Jak byście oddali po angielsku zwrot "skrót myślowy"?  

Zanim podacie tłumaczenia z różnych słowników i serwisów tlumaczeniowych, rzućcie okiem na ten wątek: Another word for 'ellipsis'


----------



## koper2

...I can't get, in a nutshell, what is the minister's way of thinking .


----------



## PA_System

"In a nutshell" to chyba nie do końca to samo, co "skrót myślowy". To znaczy, że wypowiedź co prawda jest złożona z jak najmniejszej liczby słów, ale nadal jest zrozumiała i nie powinna prowadzić do nieporozumienia, podczas gdy skróty myślowy często do tego doprowadzają.


----------



## grassy

Powinieneś od razu w tamtym wątku podać kontekst, bo 38 postów poszło i nikt dalej tam nie jest pewny, o co ci chodziło.


PA_System said:


> *Skróty myślowe Jarosława Gowina
> 
> ''Naszą kulturę cechuje szczególny szacunek do kobiet''. Ciekawa jestem, co pan minister ma na myśli?
> 
> Im dłużej słucham pana ministra Gowina, tym mniej rozumiem. Nawet swoją ''kobiecą intuicją'' nie jestem w stanie ogarnąć skrótów myślowych pana ministra. *
> 
> Jak byście oddali po angielsku zwrot "skrót myślowy"?
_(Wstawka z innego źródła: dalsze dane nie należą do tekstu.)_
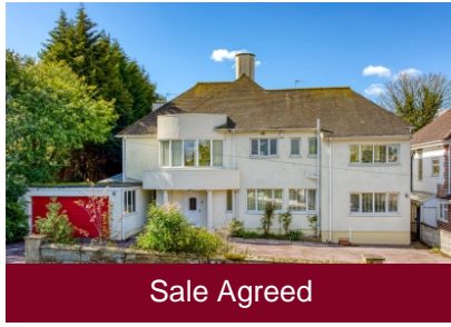
17 Muchall Road, Penn, Wolverhampton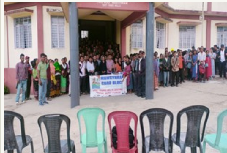
Social Audit Public Hearing for MGNREGA, PMAY-G, NSAP in Mawsynram C&RD Block, EKHD, Meghalaya, 22nd April 2024.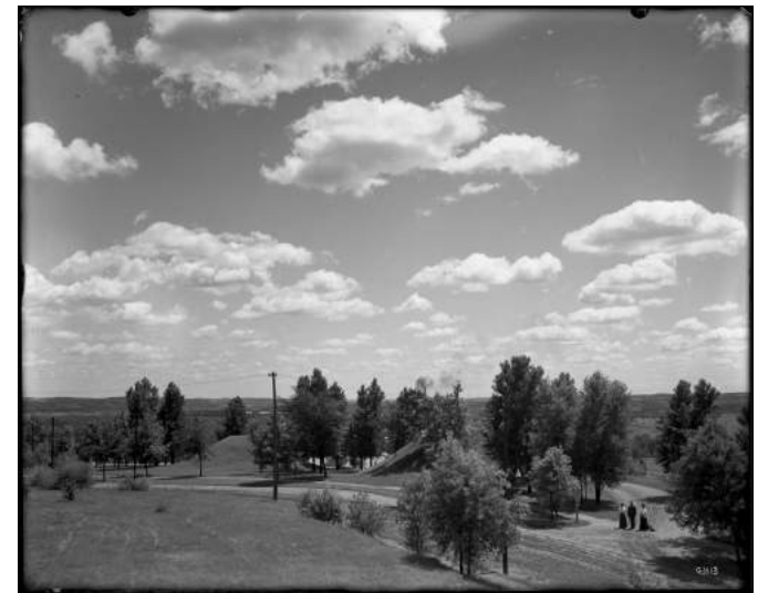
Minnesota Historical Society

The mounds from which the park takes its name, date back thousands of years to an ancient Native American culture known as the Hopewell. The Mounds themselves are some of the largest in the entire region, once numbering over 30 mounds, a total of only six survive today. The rest were rather callously destroyed in the late 19th century. The first photo shows the park as it appears today, while the second is a historic photo of the park circa 1910.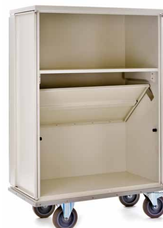
Lower shelf hinged upwards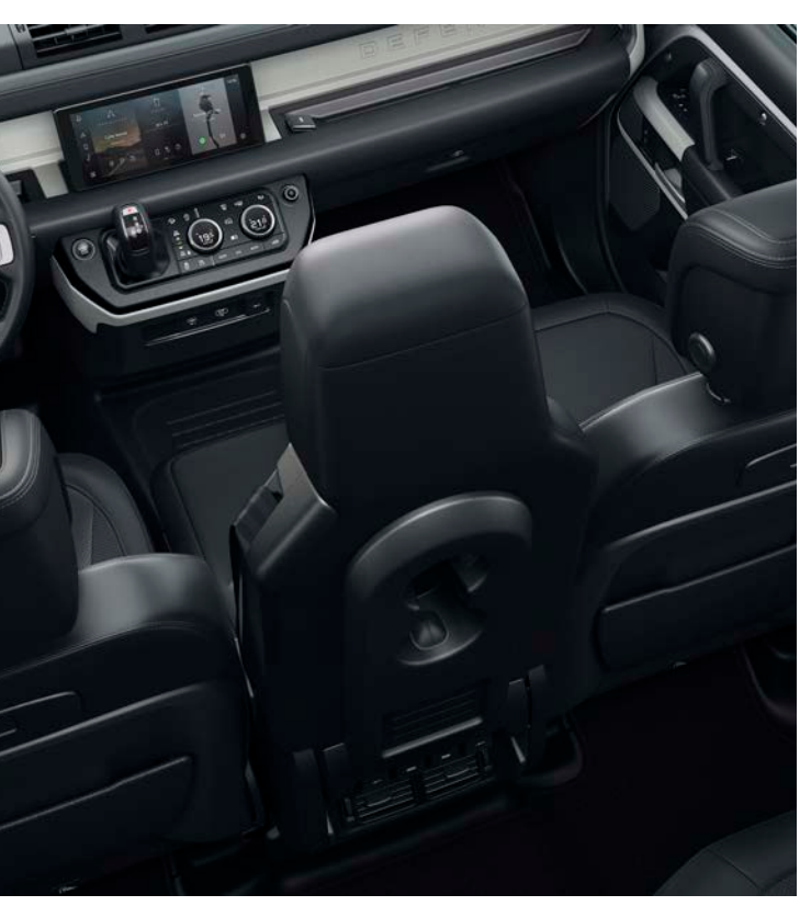
FRONT JUMP SEAT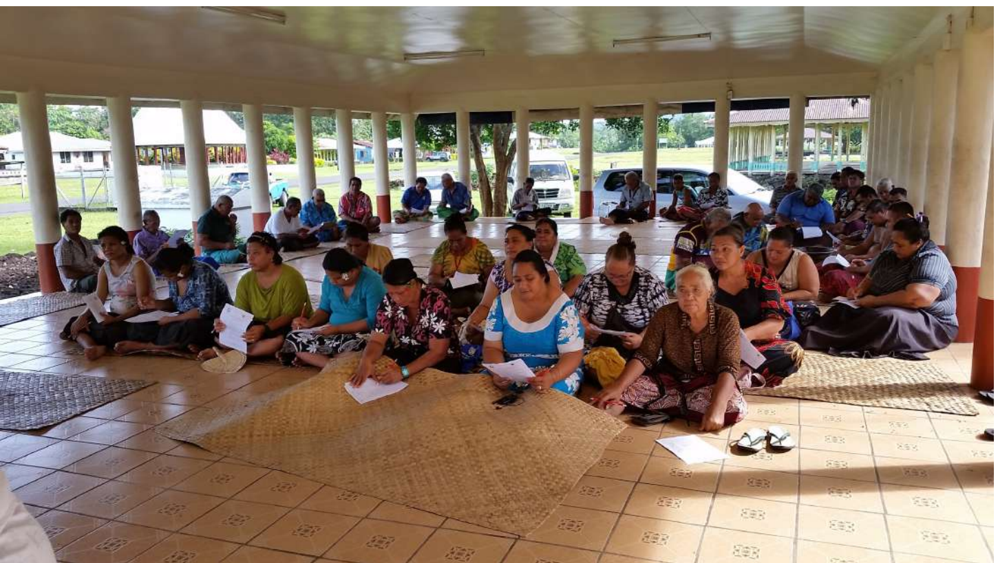
IVA VILLAGE CONSULTATIONS, 11 MARCH 2015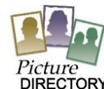
PHOTO SESSIONS FOR NEW DIRECTORY

The purpose of this Semi-Annual Planning Meeting will be to present and discuss the 2024 Plan for Ministry and proposed budget. This reviewal process provides an opportunity for your input and questions, so the Finance Committee can make any necessary adjustments for a congregational vote in January 2024.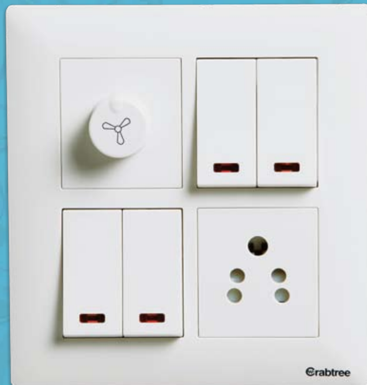
8 module inner outer plate with 2 module fan regulator, one-way indicator switches & 5-pin socket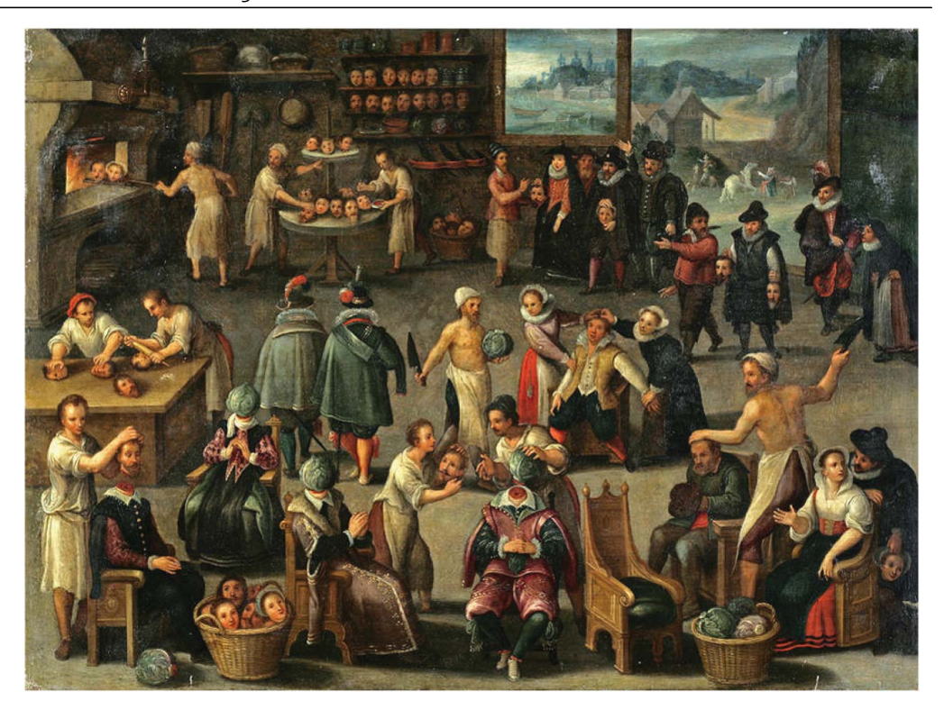
Figure 2. Cornelis van Dalem and Jan van Wechelen, The Baker of Eeklo , 1530-73. Flanders. Amsterdam, collection of the Rijksmuseum, currently on loan to the Muiderslot.

interdisciplinary level if they are inattentive to the conceptual and/or grand narratives that guide and inform them. ^{106}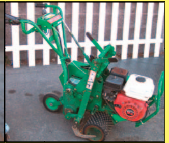
RYAN 18" GAS SOD CUTTER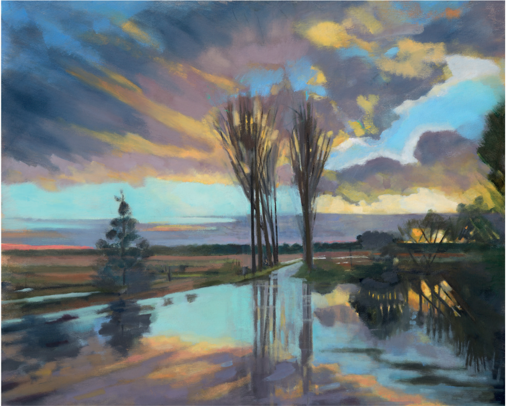
Winter Marsh, Suffolk | oil on canvas | 80 x 106cm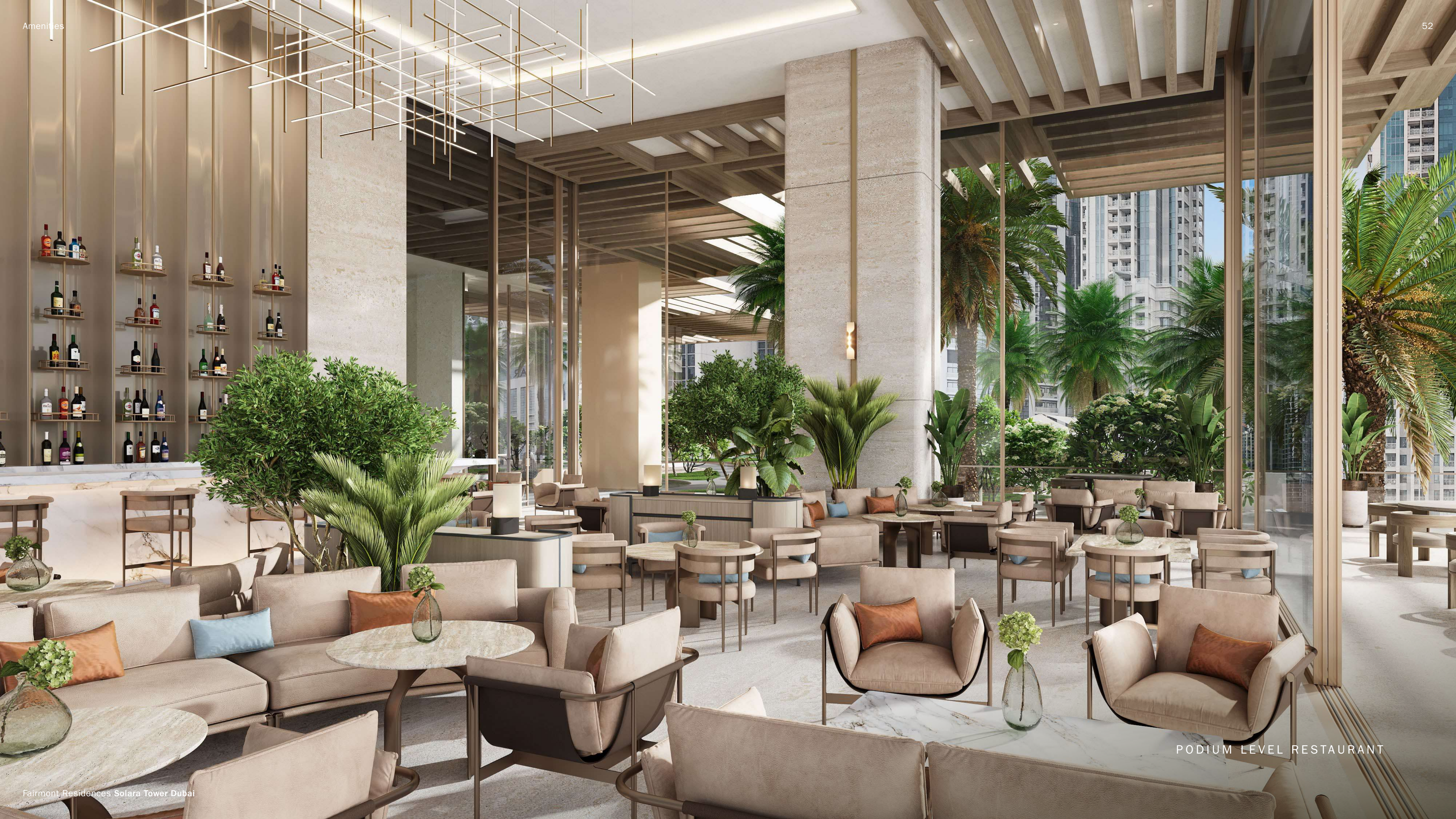
PODIUM LEVEL RESTAURANT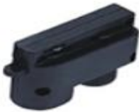
2 wires track system (single phase) White,Black,Silver

Different track heads must match with above relative tracks.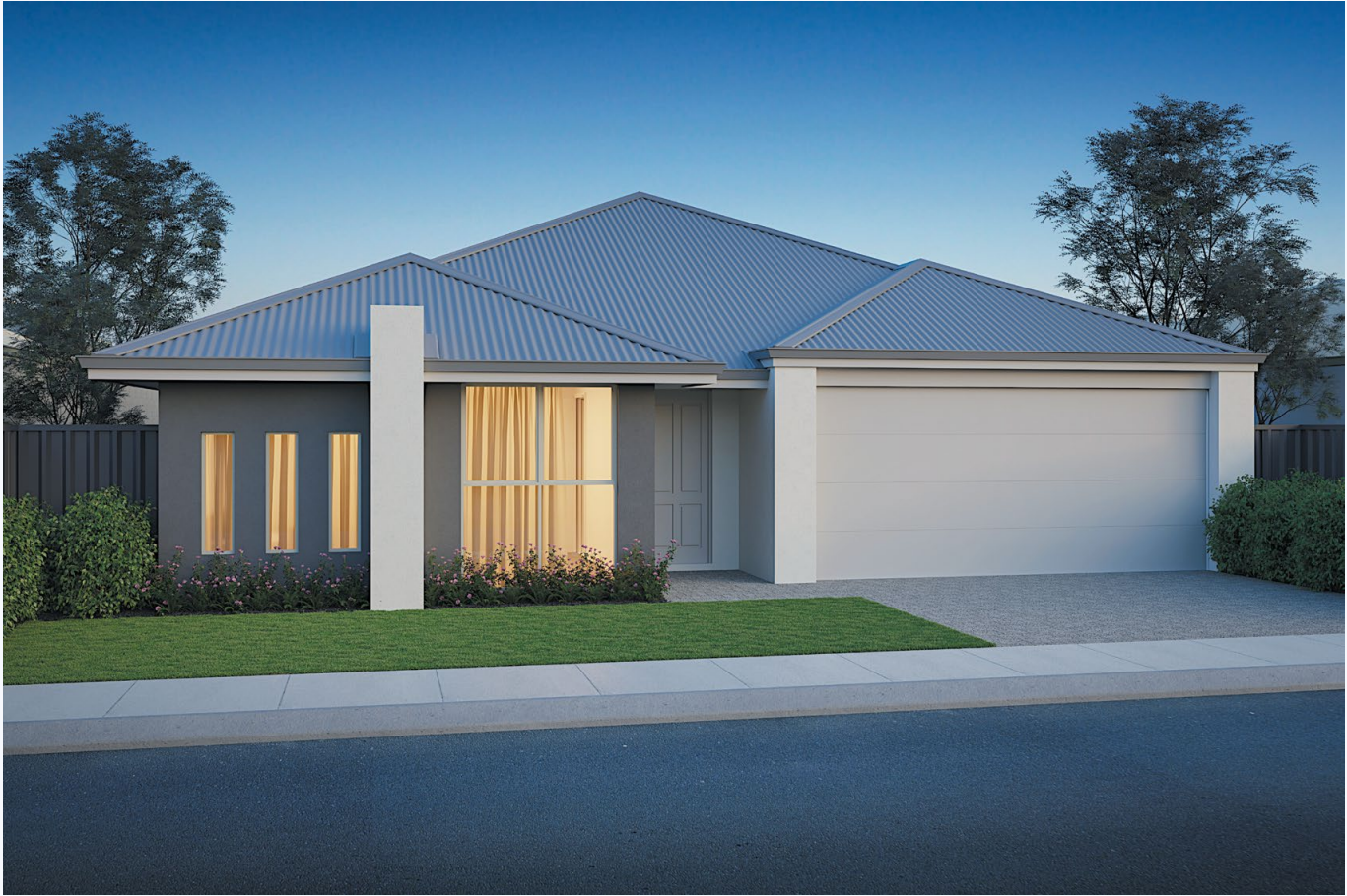
St Kilda Beach Included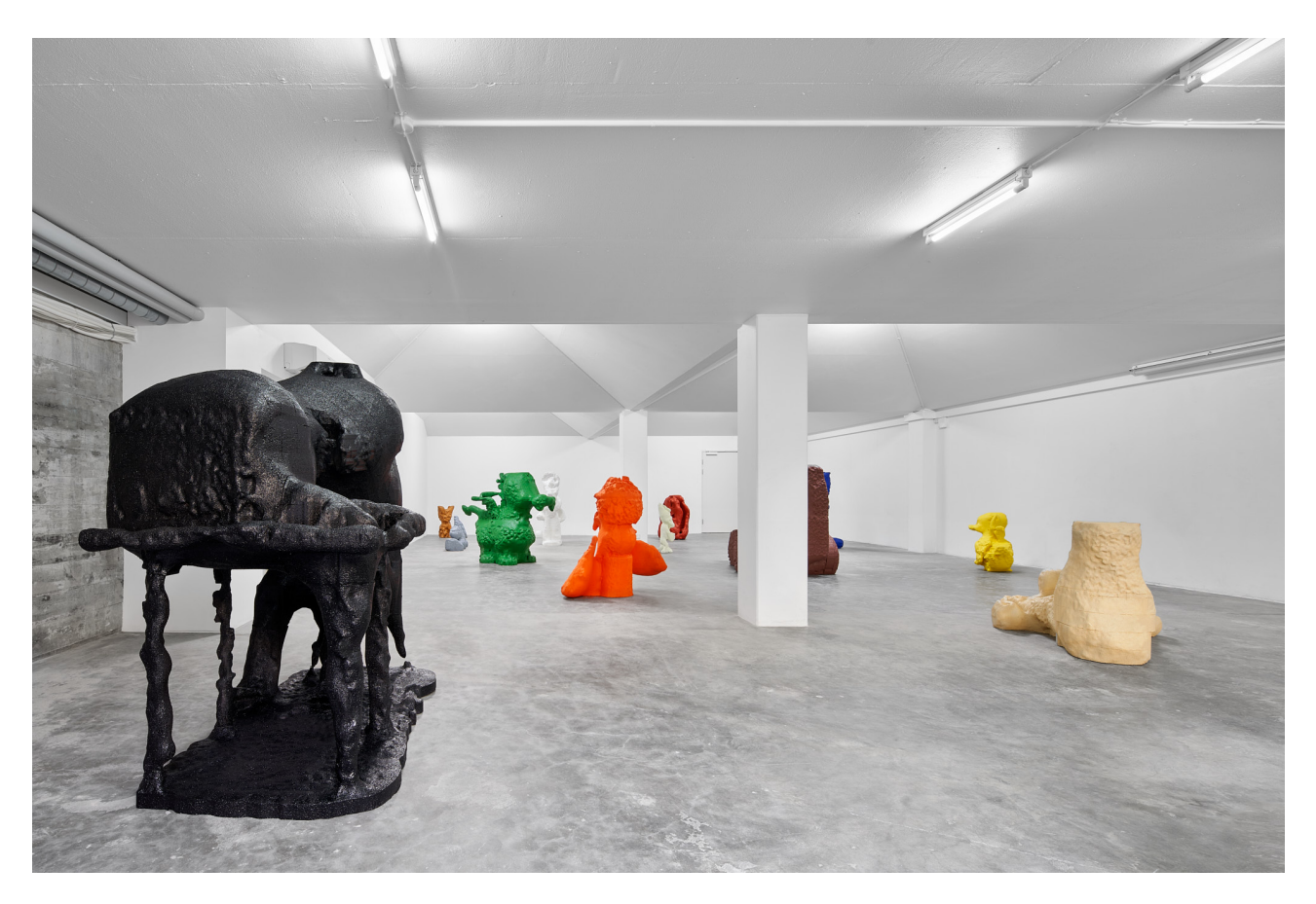
Mads Lindberg. Sclupture 3D. SIMIAN. February - April, 2022.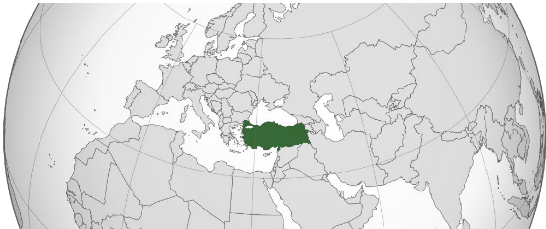
Figure 6: Turkey

The population of Turkey is over 86 million. The official language of the country is Turkish. Istanbul, the largest city in Turkey, is built on land in the Bosphorus and the city is partly in Europe and partly in Asia. Ankara is the capital and the second largest city of Turkey located in Central Anatolia. Turkey is a candidate for full membership to European Union. The currency is the Turkish Lira. 1 TL = 0.05 USD (approximately).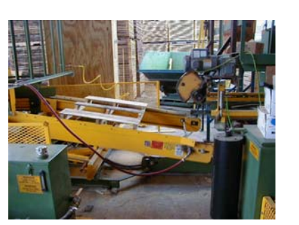
Explorer : That 1000 per day, 2 person system, you really want.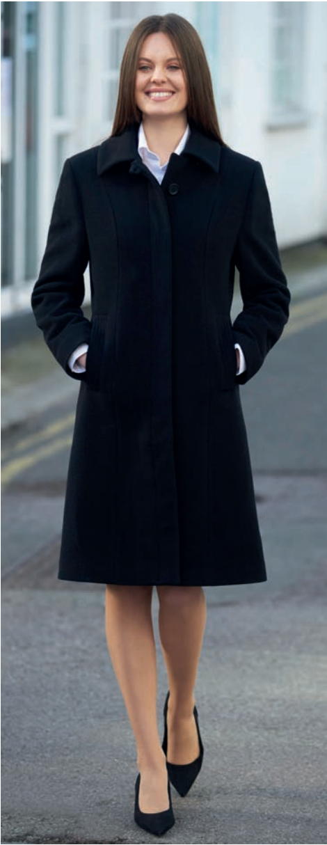
BURLINGTON Women's Overcoat Black

Single breasted, 7 button, fly front, centre vent, rear belt detail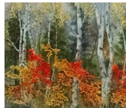
Honorable Mention Pat King Water color "Gifts From the Land"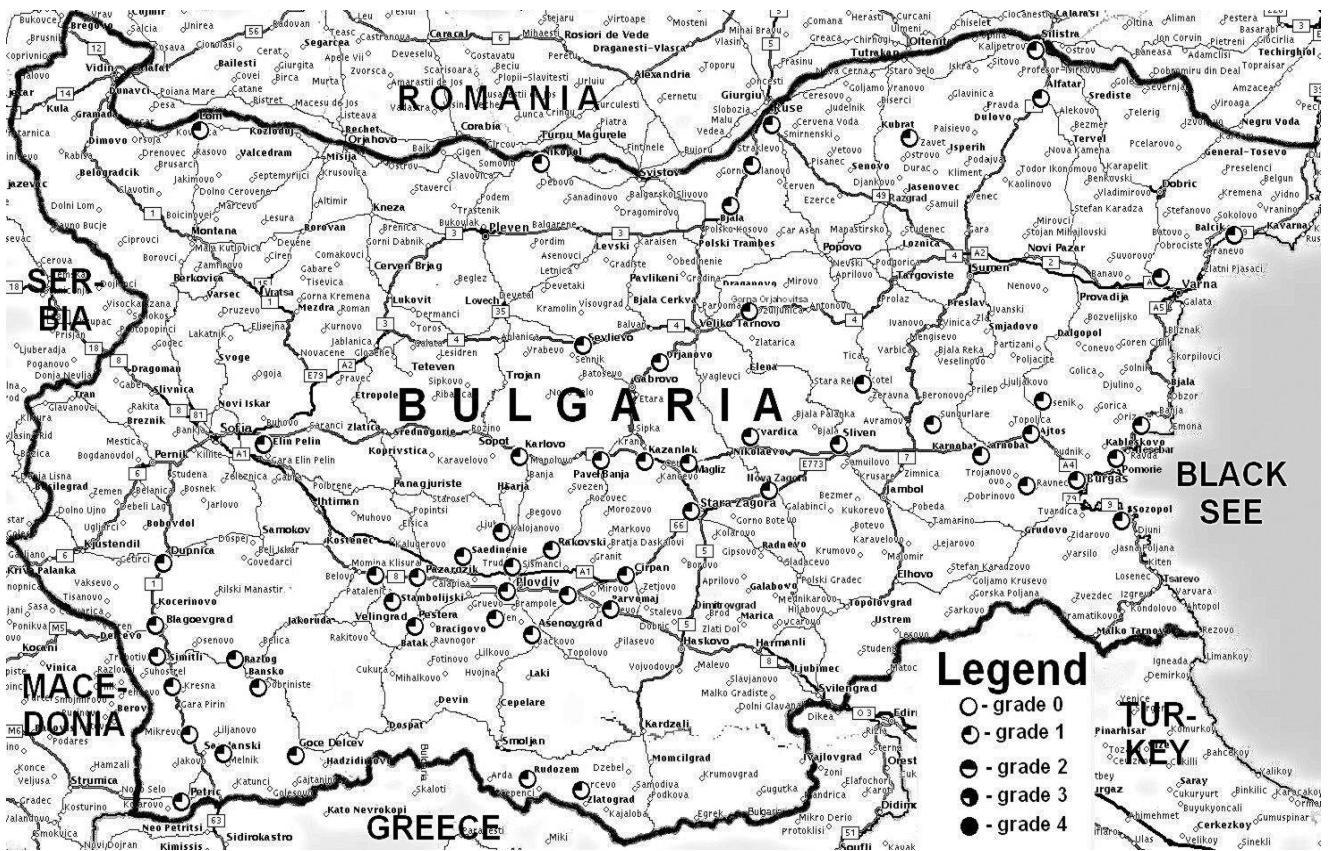
Fig. 3. Distribution of Brachycaudus schwartzi on peach in Bulgaria during 2013/2017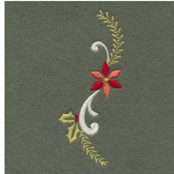
12470-26 Poinsettia 6 1.74 X 4.14 in. 44.20 X 105.16 mm 2,205 St. ⚙️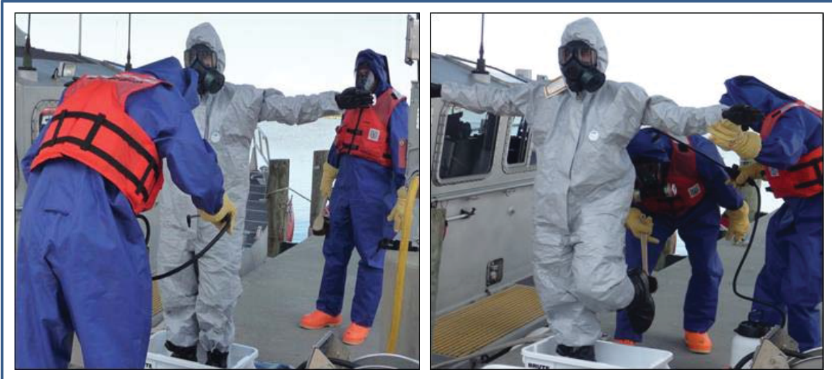
Figure 1: CBRN Decontamination Demonstration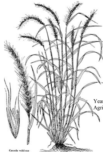
Yearbook of Agriculture 1948

North, Central and Southern Iowa Germplasm of Canada Wildrye, Zones 1, 2, and 3 originate from locations in the Northern, Central and Southern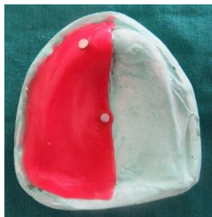
Figure 4: Wax up for duplication

The maxillary master cast was duplicated using putty impression material, to obtain the master cast as and when needed, during the fabrication of the sectional permanent denture bases. First, one half of the master cast was waxed up after incorporating 3mm diameter commercially available samarium magnets (Magneticks, India), one each in the region of anterior alveolar ridge and mid palatal raphe region. These magnets were stabilised in position using cyanoacrylate. This was acrylised using heat cure acrylic resin (DPI, India), finished and polished. (Fig 4)

Tłumaczenie to coś więcej niż próba znalezienia dosłownego odpowiednika słowa z tekstu źródłowego. Jak takowego nie ma, to musisz coś innego wymyślić, bo inaczej twoje tłumaczenie będzie kiepskie. W przypadku artykułu z gazety opiniotwórczej najważniejsze jest to, żeby zachować _sens_ wypowiedzi.
A jak zrozumieć tutaj sens wypowiedzi? Po pierwsze warto się zastanowić, czy autorka poprawnie używa terminu _skrót myślowy_. Pobieżnie przeczytałem artykuł i autorka wypomina Gowinowi brak logiki, przeinaczanie faktów i w ogóle dziwne rozumowanie. Nie za bardzo mi się to kojarzy ze skrótami myślowymi, dlatego moim zdaniem nie warto starać się tego tłumaczyć dosłownie i trzeba to zastąpić czym innym np. _Gowin's strange reasoning_.


koper2 said:


> ...I can't get, in a nutshell, what is the minister's way of thinking *is* .


----------



## PA_System

Widzisz, ja sobie doskonale zdaję z tego wszystkiego sprawę, ale problem polega na tym, że nie ma żadnego kontekstu i jestem zmuszony regulaminem forum do wymyślania go lub znajdowania na siłę.

Z ciekawości: jak byś uzasadnił swoją opinię, że dziennikarka błędnie używa tego terminu? Jak ty go rozumiesz? Może jesteś w stanie podać jakiś przykład albo pamiętasz, jak sam go użyłeś w jakiejś sytuacji?

Chyba właśnie cały problem polega na tym, że skrót myślowy jest czymś bardzo ulotnym, że tak powiem i ciężko jest go wsadzić w jakieś konkretne ramy.


----------



## grassy

PA_System said:


> Z ciekawości: jak byś uzasadnił swoją opinię, że dziennikarka błędnie używa tego terminu? Jak ty go rozumiesz? Może jesteś w stanie podać jakiś przykład albo pamiętasz, jak sam go użyłeś w jakiejś sytuacji?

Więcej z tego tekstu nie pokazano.